The main hallmarks of systemic type II inflammation are eosinophilia and elevated serum immunoglobulin E (IgE) levels. Type II inflammatory response is not only associated with allergic reactions, but is also a driver of such diseases. The release of cytokines (interleukins 4, 5, and 13) in the response to type II inflammation can trigger a lymphocyte-mediated type II inflammatory response, inducing the onset and progression of allergic diseases. Reducing the inflammatory response by inhibiting the above-mentioned inflammatory factors is a potential therapeutic means for the treatment of allergic diseases represented by AD.

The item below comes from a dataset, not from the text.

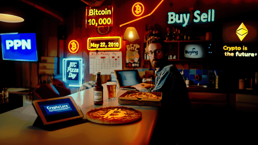"The Birth of Bitcoin Pizza Day" by JoeZImages: This piece marks the first-ever commercial Bitcoin transaction on May 22, 2010, when 10,000 BTC were exchanged for two pizzas. The artwork portrays an intimate apartment setting filled with crypto paraphernalia, capturing the blend of ordinary life and groundbreaking digital finance.

Investigational drug Dupilumab injection, an interleukin-4 receptor α (IL-4Rα) antagonist, is a human monoclonal antibody that binds IL-4Rα and inhibits IL-4 and IL-13 signaling. With a molecular weight of about 147 kDa, it inhibits the signaling of interleukin 4 and interleukin 13 and blocks its signaling pathway through the atopic binding of the interleukin 4Ra subunit shared with the interleukin 4 and interleukin 13 receptor complex, and blocks their signaling pathways, which can achieve continuous, efficient and safe improvement of skin lesions, itching and other symptoms and alleviate the condition.
Tofacitinib is a Janus kinase (JAK) inhibitor. JAK is an intracellular enzyme that conducts signals generated by cytokine or growth factor-receptor interactions on cell membranes, thereby affecting cell hematopoiesis and cellular immune function.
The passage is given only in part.